[[ Dataset content, beginning ]]
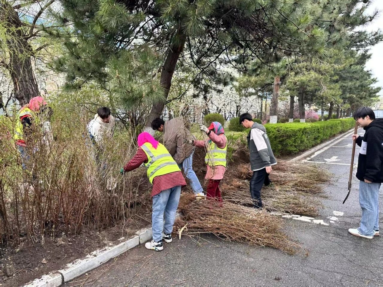 活动中,志愿者们分工协作,在工作人员的指导下挥锹铲土、扶苗填坑、浇水培土,认真完成每一道植树工序。大家默契配合,用实际行动为校园增添新绿,展现了机电学子踏实肯干的劳动风貌。
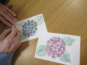 今日のレクリエーションは、あじさいのポストカード作りを行いました🎵
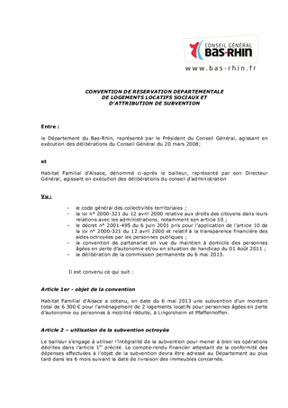 Le présent rapport concerne les demandes d'aides financières présentées par Habitat des Salariés d'Alsace, Habitat Familial d'Alsace et le Nouveau Logis de l'Est concernant l'adaptation de logements locatifs sociaux pour des locataires en situation d'handicap et/ou en perte d'autonomie.
[[ Dataset content, end ]]
**Your assignment**
Only the lines from where the data begins to the line with "今日のレクリエーションは、あじさいのポストカード作りを行いました🎵", both of them included, should be reproduced word for word; no pictures.

**Reply to the task**
 活动中,志愿者们分工协作,在工作人员的指导下挥锹铲土、扶苗填坑、浇水培土,认真完成每一道植树工序。大家默契配合,用实际行动为校园增添新绿,展现了机电学子踏实肯干的劳动风貌。
 今日のレクリエーションは、あじさいのポストカード作りを行いました🎵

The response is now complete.